Lamb of God
VII: Sturm und Drang

2015, Nuclear Blast
Groove Metal

Un ritorno tanto atteso e per fortuna convincente
Recensione di Stefano Risso - Pubblicata in data: 08/09/15

Il ritorno dei Lamb of God era uno degli avvenimenti più attesi di questa stagione musicale, non solo per l’ampio consenso e popolarità raggiunte dagli americani, ma per il tormentato (se non drammatico) vissuto in questi ultimi anni. La vicenda è cosa nota: il frontman Randy Blythe è stato arrestato il 27 giugno 2012 a Praga, durante una tappa del tour promozionale di “Resolution”, con l’accusa di aver causato la morte di un fan avvenuta durante un concerto della band tenuto due anni prima (secondo l’accusa per averlo scaraventato giù dal palco) . Senza dilungarci inutilmente sulle fasi giudiziare del caso, sappiate solo che Blythe è stato assolto il 5 marzo 2013, quindi va da sè che il ritorno in pista dei Lamb of God era alquanto atteso da tutti i sostenitori della band.

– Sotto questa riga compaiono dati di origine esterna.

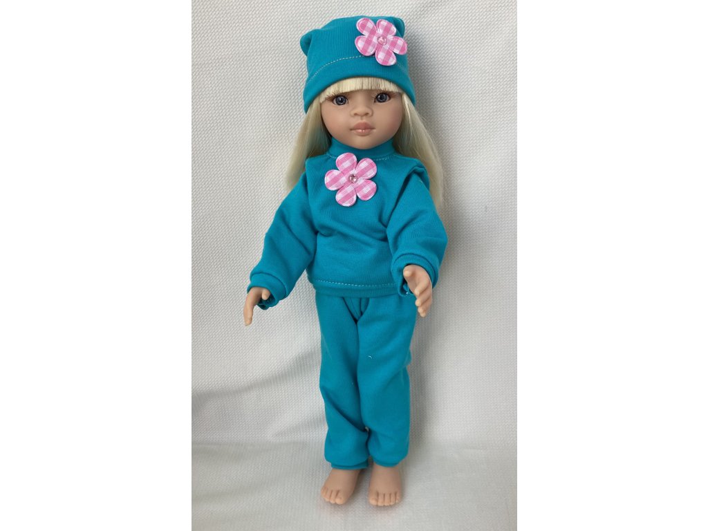 Bábika je oblečená v bavlnenej teplákovej súprave s čiapkou. Tepláky sú v páse na gumu a dolný okraj je spevnený lemom. Vrchný diel má dlhý rukáv, zakončený lemom. Na zadnom diely je suchý zips na ľahké obliekanie. Predný diel zdobí malá kvetinka. Bavlnená čiapka je dozdobená tiež malou kvetinkou. Bábika má 32 cm, má dlhé vlasy vhodné na česanie. Balená je v sáčku firmy Paola Reina

Visto inoltre l’esborso economico per la cauzione del cantante (circa 370000$) che ha ulteriormente minato il futuro dei nostri, i Lamb of God avrebbero potuto semplicemente pubblicare un live, giusto per rientrare un po’ e riprendere la normale attività, ma fortunatamente la strada scelta è stata quella più rischiosa ma anche la più redditizia sul lungo periodo: un nuovo album. E che album, ci sbilanciamo. Un ritorno in grande stile che ripropone i nostri come tra le formazioni di punta del metal moderno, potente, granitico, che sembra rimediare al precedente inciso.

Se “Resolution” risultava alla lunga troppo statico e diluito, come se i nostri avessero dovuto allungare oltremodo il disco senza le giuste idee, questo “VII: Sturm und Drang” appare della misura giusta per compattezza, ispirazione e varietà. Ovviamente l’alveo nel quale scorrono i Lamb of God non è cambiato di una virgola, battendo sempre forte sul groove e sull’impatto che ha tanto regalato ai nostri, con i tipici elementi sempre in bella mostra. Chitarre ottimamente tenute a bada dal duo Adler/Morton, incisive e mai fini a se stesse, il sempre lodevole batterismo di Chris Adler del quale ormai c’è poco da aggiungere oltre a un’inaspettata prova vocale di Blythe, non solo urlato e corrosivo, spaziando anche su lidi meno estremi se non puliti (vedi l’indovinata “Overlord”).

Poche novità in fin dei conti per chi ha già avuto modo di apprezzare i nostri da anni, ma dopo quanto accaduto, i risultati di questo “VII: Sturm und Drang” sono fin troppo rosei, riuscendo anche a stupire con degli inaspettati episodi lungo la tracklist, come la bella “Embers” su tutti, con l’intervento sofferto/pulito di Chino Moreno (Deftones), improvviso, di rottura e assolutamente determinante ai fini del brano. Certo, per trovare i migliori Lamb of God bisogna tornare indietro con la discografia, ma la versione del 2015 è decisamente convincente e apprezzabile, tanto di cappello dunque a una formazione che ha dimostrato ancora una volta attributi ed enorme passione per quello che fa.